Lily’s wet eyes lock onto mine, confused but curious. Her good hand wipes at her nose.

The nurse hasn’t moved.

Hayes frowns. He’s not sure what the hell’s going on, and neither am I, but Lily isn’t screaming anymore. The bag withthe Nerf gun and the bear is tucked at my side, still closed. Lily doesn’t know what I have.

The nurse is staring like I’m about to pull a prank or, worse, waste her time, but she shrugs as if to say, “your funeral,” and gets to work wrapping me up.

The wet plaster is cold and heavier than I expected. The nurse’s hands wrap layer after layer around my perfectly healthy arm. “Pink is the best color,” I tell Lily as the nurse works. “Scientific fact. Makes you at least thirty percent faster on the ice.”
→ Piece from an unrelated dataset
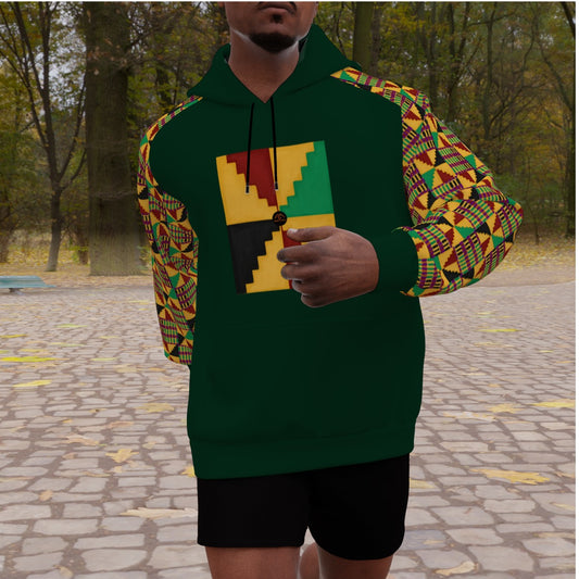 For The Culture Men's Kente Heavy Fleece Raglan Hoodie - Green

She sniffles, her eyes on the nurse’s hands as they circle my wrist. “You don’t play with a cast.”

“Not usually, no. But I bet I could still beat your dad in a race.”
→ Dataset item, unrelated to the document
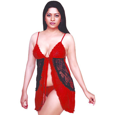 Fire Inside, Cool Outside: Hot Baby Doll NightwearA dress to blow off your mind. Red -color Baby Doll front open style night wear so that you swim across whole night with her. The straps running around the backless dress may turn your room into ashes if let free. Made from imported net fabric with lavish lace work. Very soft and comfortable nightwear to give seductive look to the young lady. Size: Free (Fits burst size of 30 -36"). Color: Black -Red Wash Care: Please get the product drycleaned for the first time to maintain the vibrancy of the fabric. Thereafter, regular machine or hand wash in normal or luke warm water. Return Policy: No Returns or Refunds shall be accepted due to hygiene reasons. Minimum Order Quantity 5 Piecs

Hayes snorts behind me. “In your dreams.”

The nurse smooths the final layer. My arm feels foreign already, trapped in this shell I’ve volunteered for.

“Does it hurt?” Lily’s voice is small.

“Nah. Feels weird, though. Like my arm’s wearing a really, really ugly sweater.”

That gets the tiniest smile from her, a twitch at the corner of her mouth. Erin’s shoulders drop a fraction, and Hayes’s breathing evens out behind me. Hayes slides in between his daughter and his wife, and he rubs a hand down each of their backs.

I wiggle my fingers when the nurse is done. “This is actually awesome.” I stretch, and then quickly reach into the gift shop bag. Thank God, I can still get my hand around the Nerf gun. It’s awkward, no lie, but I manage to whip it out and take aim at Lily’s knee.Pop.The soft click precedes the hush of a dart popping free. “I can still do cool stuff, too.”

Her eyes widen.

“Do you think you’d stand a chance in a cast Nerf war?” I ask her, as serious as Clint Eastwood at high noon.

The gears turn behind her eyes: anger transmutes into curiosity, into competition. She is her father’s daughter through and through. The trembling in her lower lip stills as she considers my challenge. Her gaze flicks from my pink-wrapped arm to the Nerf gun and back to my face.

“I could beat you with both arms in casts,” she declares, voice still watery but gaining strength.

I raise an eyebrow, fighting to keep my expression deadpan. “Bold claim from a warrior who hasn’t even got her first cast yet.”

“Daddy!” Lily whips her head around. “I need one!”

Hayes ruffles her hair and kisses the top of her head. “Yeah, tiger, you do.”

The nurse clears her throat. “I can put it on for you now, hmm?”

Lily thrusts out her injured arm, and her eyes never leave the Nerf gun in my awkward, cast-encased grip. Hayes catches my eye over his daughter’s head. I think he might cry. He mouths a silent “thank you” as Erin sinks into a chair beside the bed, shoulders dropping as the tension bleeds out of the room.